Rey tertawa dan berjalan ke samping suami Asty itu. Dia mempersilakan Adrian untuk menuju ke restoran yang terletak di bagian belakang hotel.

“Sepertinya ini akan menjadi awal dari persahabatan yang luar biasa, Pak Adrian.”

“Mudah-mudahan Pak Rey.”

Rey menyeringai.





.::..::..::..::.





Pintu depan Ndalem Banjarjunut porak poranda. Pasukan penjaga gerbang terkapar tak berdaya. Sepagi ini pasukan KSN yang sudah resmi bubar dikagetkan serangan mendadak oleh orang yang tak dikenal. Siapa pula yang menyerang mereka?

Oppa, Roni, Amon, Kang Daan, Albino, dan Tedi Ganesha berjajar di depan rumah utama. Mereka sejak beberapa hari masih berada dalam kondisi kebingungan karena KSN dibubarkan dan secara tidak langsung harus bergabung di bawah PSG yang tentu saja menimbulkan gelombang pro dan kontra. Opsi pertama adalah bergabung dengan PSG, sedangkan opsi kedua adalah mendirikan kelompok baru yang jelas menentang Lek Suman dan PSG, opsi ketiga adalah bergabung dengan kelompok lain untuk menentang dominasi Aliansi di wilayah utara.

Lalu pagi ini, tiba-tiba saja, gerbang depan Ndalem Banjarjunut didobrak oleh seseorang tak dikenal.

Seseorang.

Apakah dia sendirian saja?

Pria itu berdiri tegak sambil menepuk tangannya yang berdebu dan tertawa keras-keras. Barisan penjaga gerbang dan pasukan KSN yang tak kurang dari sembilan orang terkapar di sekelilingnya, kalau tidak pingsan mereka hanya sanggup mengerang kesakitan tanpa sanggup berdiri.

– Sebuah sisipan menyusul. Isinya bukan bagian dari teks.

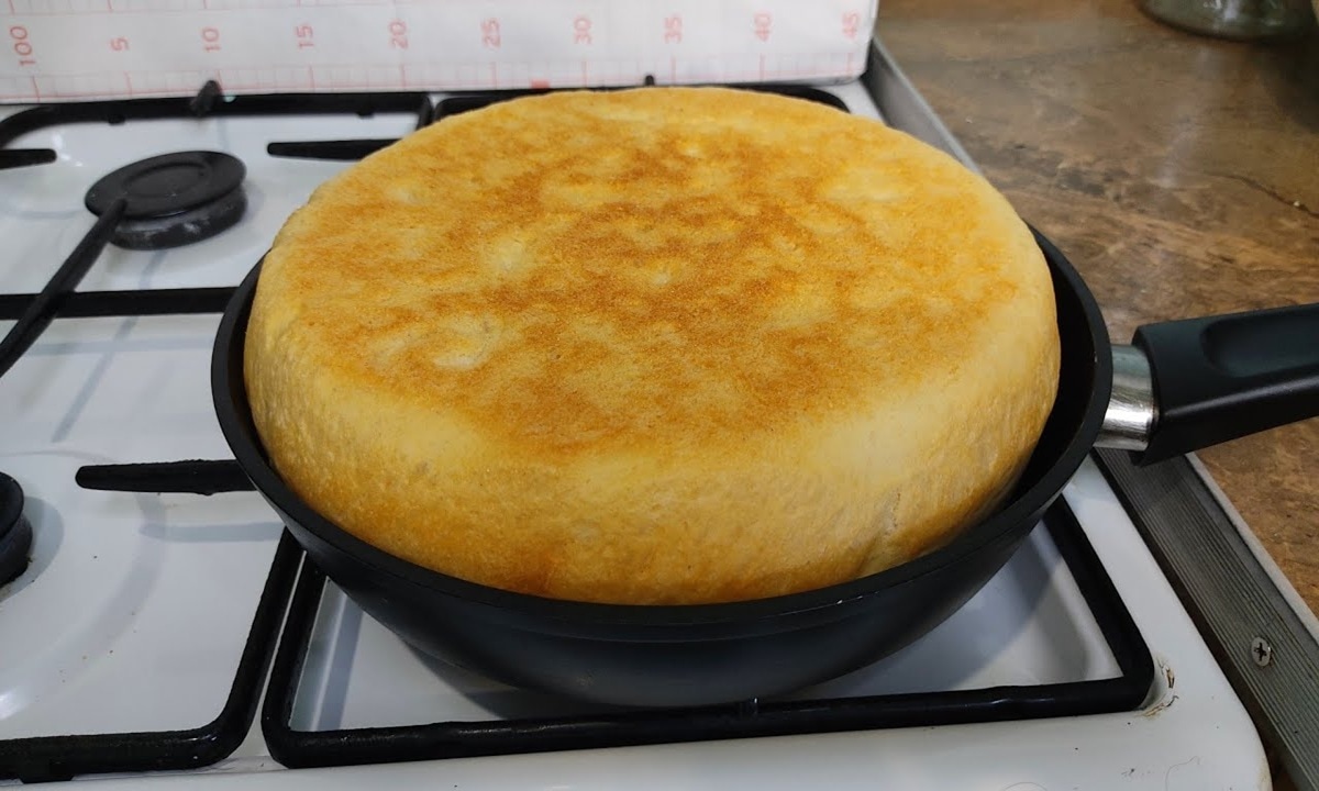 На сильном огне лепешка моментально покрывается золотистыми пузырьками. Затем огонь убавляется, сковорода накрывается крышкой. Пар делает мякиш влажным и пористым. Через 5 минут изделие переворачивается и доходит до готовности еще 3 минуты под крышкой.
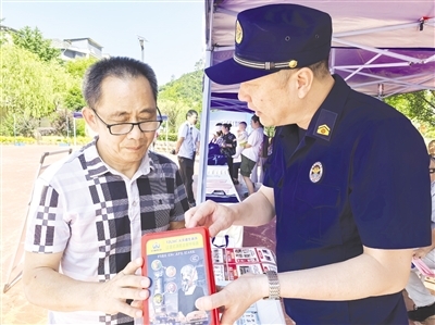6月6日,政和县消防救援大队组织开展消防宣传进社区活动,图为宣传人员讲授逃生面罩识别、使用方法。 (邵康有 摄)

“Hahahahaaha! Mana ketua kalian!? Aku mau bicara! Hahahahah.” Suara kencang menggetarkan seluruh kawasan. “Aku mau bicara! Hahahaha.”

Sosok pria yang baru datang punya rambut gondrong ndeso yang arah nyisirnya ga karuan, keriting tapi dipaksa gondrong sampai sebahu, entah keputusan apa yang membuatnya memiliki penampilan seperti itu, padahal sudah jelas tidak akan menambah ganteng wajahnya. Perawakan badannya juga tidak nyaman dipandang. Gempal, gemuk, bundar, dan pliket – kayak bakso urat. Sekilas lihat bisa dikira Ron Jeremy si legenda film porno, sekilas lihat lagi bisa dikira kepalanya ketempelan pohon cingcau rambat.

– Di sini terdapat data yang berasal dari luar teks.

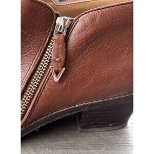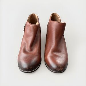 Elegant Vionic booties in chestnut leather. Features a sleek side zipper. Comfortable low heel.
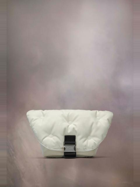 The Glam Slam cycle messenger small is crafted from quilted cordura. The Glam Slam debuted in the SS18 show and has a quilted design which mimics matelassé – the style of hand-stitched quilts created in Marseilles, France. The concept reflects the Maison’s notion of unconscious glamour and evokes its association to comfort, following the study into dressing and travelling rituals worldwide. This style features a cross-body strap, and is adorned with the numeric logo label on the flap. Product Details Item ID SB1WG0040P1511H9677 Body: 100% nylon Application: 100% calf leather Lining: 100% polyester Metallic hardware Cordura cross body bag Adjustable shoulder strap Engraved logo buckle to close Quilted effect through heat sealing Logo label and zip pocket at the back Inside logo stamping Inside zip pocket Made in Italy 22 cm x 14 cm x 34 cm/8,6 in x 5,5 in x 13,3 in (Height x Width x Length) Max. shoulder strap drop: 66 cm/26 in Min. shoulder strap drop: 36 cm/14 in A digital certificate provided by the Aura Blockchain Consortium guarantees the authenticity of this product. Discover more on auraluxuryblockchain.com/#about
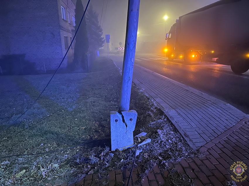 5 grudnia około godziny 22:40 na ul. Oświęcimskiej w Bieruniu doszło do zdarzenia drogowego. Kierujący ciągnikiem siodłowym marki Volvo z naczepą zahaczył o linie telefoniczne i złamał trzy słupy. Na miejsce zdarzenia zadysponowane zostały: zastęp strażaków OSP Bieruń Stary oraz Policja. Jak się okazało kierowca ciężarówki zaufał nawigacji samochodowej i polnymi drogami przejechał od ul. Turyńskiej do ul. Oświęcimskiej. Policjanci KPP Bieruń prowadzą dalsze postępowanie w tej sprawie.
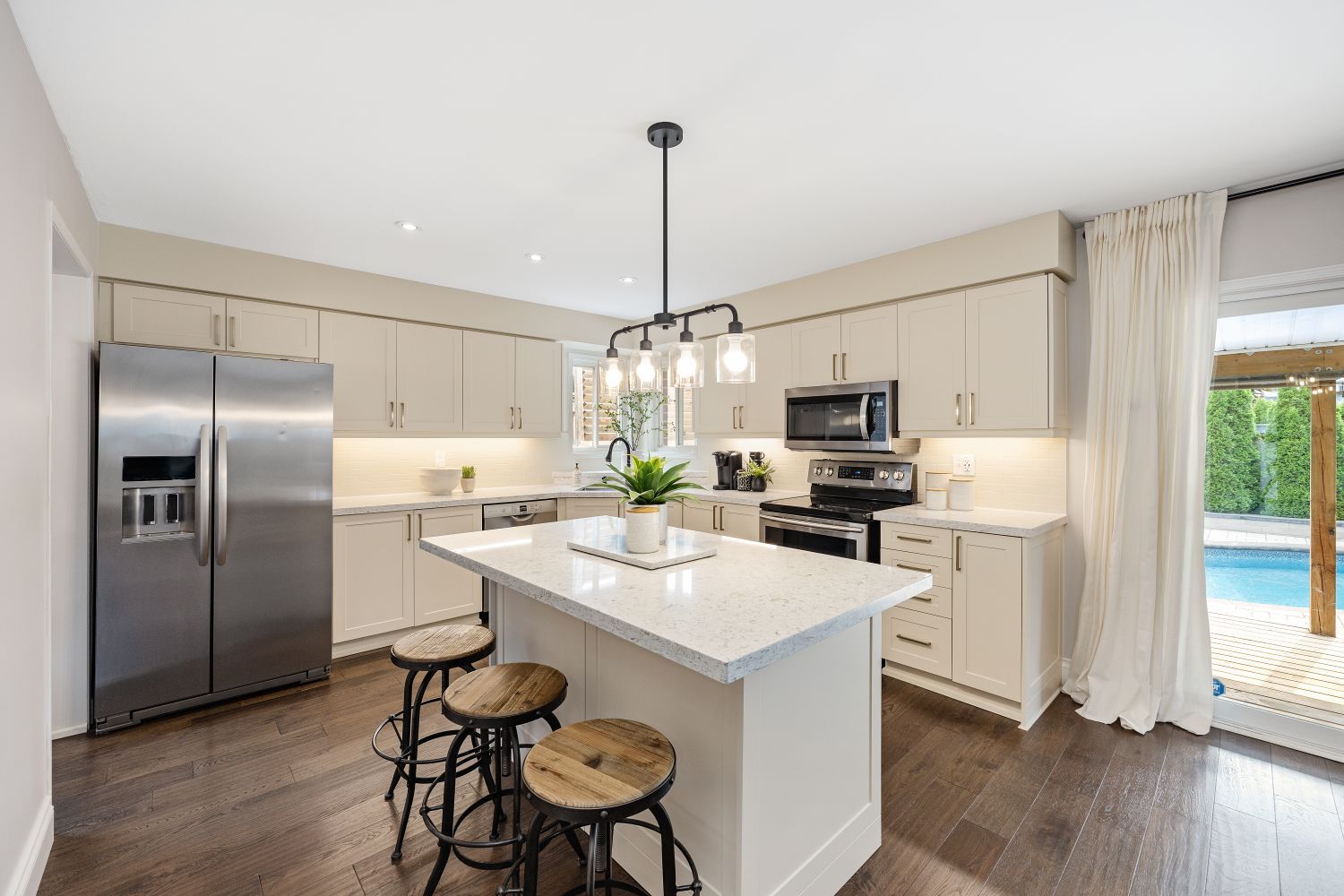 Spacious & Impressive, 5 Bedroom, 4.5 Bath Home Boasting Approx 4050 Sq Ft & Saltwater, Inground Pool. The Generous-Sized Eat-In Kitchen Features Quartz Counters, A Sizeable Island With Breakfast Bar, Stainless Steel Appliances, Backsplash, Walk-Out To Deck & Is Open To The Inviting Family Room. Family Rm Contains Hardwood Flooring & Gas Fireplace. Huge Formal Dining Rm With Hardwood Floors Provides Plenty Of Room For Hosting Gatherings. Separate Living Rm With Soaring Ceiling, Hardwood Flooring & Large Windows For Substantial Natural Light. Main Floor Also Contains A Good-Sized Bdrm, 2 Pc Bath & Laundry Rm. Up The Updated Hardwood Staircase Are 4 Great-Sized Bedrooms. Primary Bdrm Contains Large W/I Closet And Has Massive 5 Pc Ensuite With Tiled Shower, Soaker Tub, Make-Up Station And A Water Closet. Second Bdrm Also Contains 4 Pc Ensuite. Even More Space On The Third Floor Featuring Huge Loft Area Ideal As A Games Room Area, Watching Tv Or Where The Teenagers Hang Out.Retreat To The Fabulous Backyard In Rain Or Shine On The Extra Large Covered Deck. Enjoy Hot Summer Days In The Refreshing Pool! Interior Garage Access. Plenty Of Storage Space Throughout Home. Plenty Of Room For Everyone!
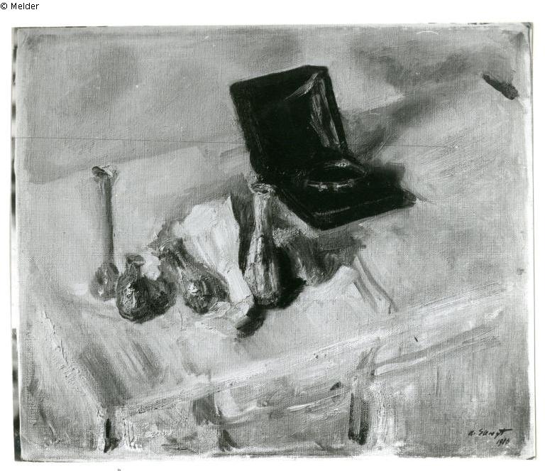 „Von außergewöhnlicher Schönheit ist dieses auf einer weißen Tischdecke präsen-tierte Stilleben mit griechischen Ausgrabungsfunden. Ein leuchtendes Geschmeide mit Glassteinen in einem mit Samt ausgeschlagenen Etui sowie mit bunten Glasflaschen sind eine Augenweide impressionistischer Malerei“. (UW)
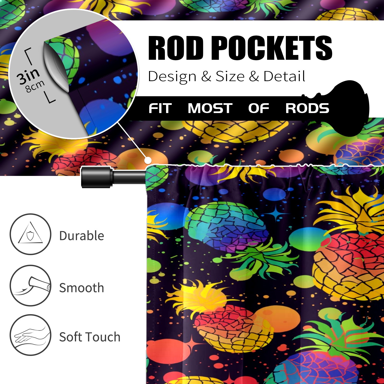 Шторы-панно для дома, декоративные драпировки для гостиной и спальни, легкие и прочные, Colorful Pineapple 35

“Siapa lagi makhluk jadi-jadian ini?” desis Tedi Ganesha emosi. Dia memang beberapa hari ini ngamuk melulu, apalagi jika dipaksa masuk PSG yang jelas dia sendiri tidak ingin melakukannya. PSG jauh di selatan dan merupakan preman-preman yang beroperasi di pasar, bukan seperti mereka yang punya gaya intelek.

Oppa dan Amon yang tangannya masih dibalut perban maju bersamaan ke depan, si ganteng berkacamata menyambut kedatangan pria tersebut sementara para anggota KSN mengerubuti dan melingkari posisi sang pria nekat.

“Aku yang bertanggung jawab di sini, siapa kamu, dan apa maumu?” tanya Oppa dengan ketus. Dia sedang tidak ingin main-main. Urusan PSG sudah membuatnya pusing, dia juga termasuk salah satu orang yang menentang keputusan KSN bergabung ke PSG. Sekarang bukannya bertambah tenang, malah ada masalah baru dengan datangnya si bakso urat ini.

“Hahahahhhaahaha. Wah, kamu pimpinan KSN? Masih muda dan ganteng. Hahahaa.” Pria gempal itu menarik sebungkus permen karet Big Bolob dari kantong bajunya, membuang bungkusnya sembarangan, menelan permen dan berjalan ke depan Oppa tanpa rasa takut sedikitpun, mulutnya berkomat-kamit mengunyah permen karet. “Aku datang dengan maksud baik. Tapi teman-teman kalian di depan tadi malah menyerang, jadi aku sekedar mempertahankan diri saja. Maaf kalau membuat mereka terkapar, nanti biaya perawatan aku yang bayar. Hahahahaha. Namaku Bambang tapi teman-teman dari Wetan memberiku julukan Jenggo. Jadi panggil saja aku Bambang Jenggo... dan ini...”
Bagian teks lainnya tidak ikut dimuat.